Não há um tratamento específico neste caso, mas algumas medidas podem ser tomadas. A primeira delas é entender que a nossa saúde mental necessita de cuidado e atenção, bem como boa parte dos afazeres diários. "As pessoas podem ter muitos medos diferentes na atualidade, nossa geração nunca lidou com uma situação como essa da pandemia de covid-19. Por isso, é muito relevante o papel de psicólogos e psiquiatras para ajudar as pessoas a entenderem melhor com essas novas dinâmicas de vida", afirma o psicólogo Yuri Busin.

"Pessoas que já lidam com depressão e transtorno de ansiedade têm naturalmente uma tendência de ficarem mais isoladas, então é preciso tomar cuidado.

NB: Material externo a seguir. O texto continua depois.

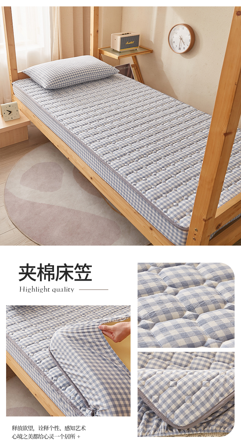 迪乐妮家居 2024新款单人床色织全棉夹棉床笠(无印家居风) 蓝小格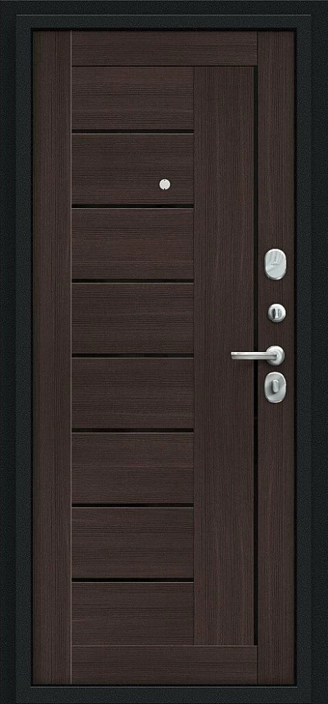 Надежная входная Дверь Браво Проф Букле черное/Wenge Veralinga премиум класса по цене 34 700 руб. Большая толщина стали защитит от проникновения в ваш дом, квартиру или коттедж. Используется очень качественная фурнитура: замки, цилиндры, ручки, защелки. Покрытие и отделка двери изготовлено под внимательным контролем производителя. Дверь имеет долгий срок службы и гарантию.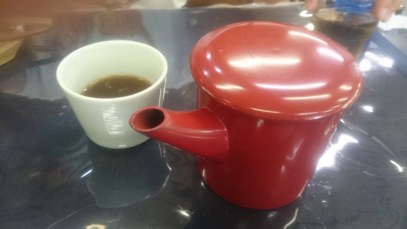 昼は信州蕎麦 (画像は蕎麦湯。蕎麦より蕎麦湯の方が好きです)

A solidão não é boa conselheira", reforça do psiquiatra Wimer Bottura. Até porque, para o psiquiatra, o cenário geral é preocupante.

No entanto, dá para usar o momento para valorizar questões que andavam em segundo plano: "se podemos tirar alguma coisa de positivo - já que fomos obrigados ao isolamento -, é a revalorização dessa convivência em família, dos pais voltarem a ser pais, das famílias se reunirem, se organizarem para cuidar da casa", reflete. Ele ainda aponta que podemos repensar questões na nossa vida: "as conquistas tecnológicas nos permitem ficar distante do escritório e, ainda assim, produzir algo de qualidade. Talvez aquele sonho de morar em uma outra cidade, sabe? Viver com muito mais saúde mental, qualidade de vida, mais barato, diminuindo a poluição e o estresse".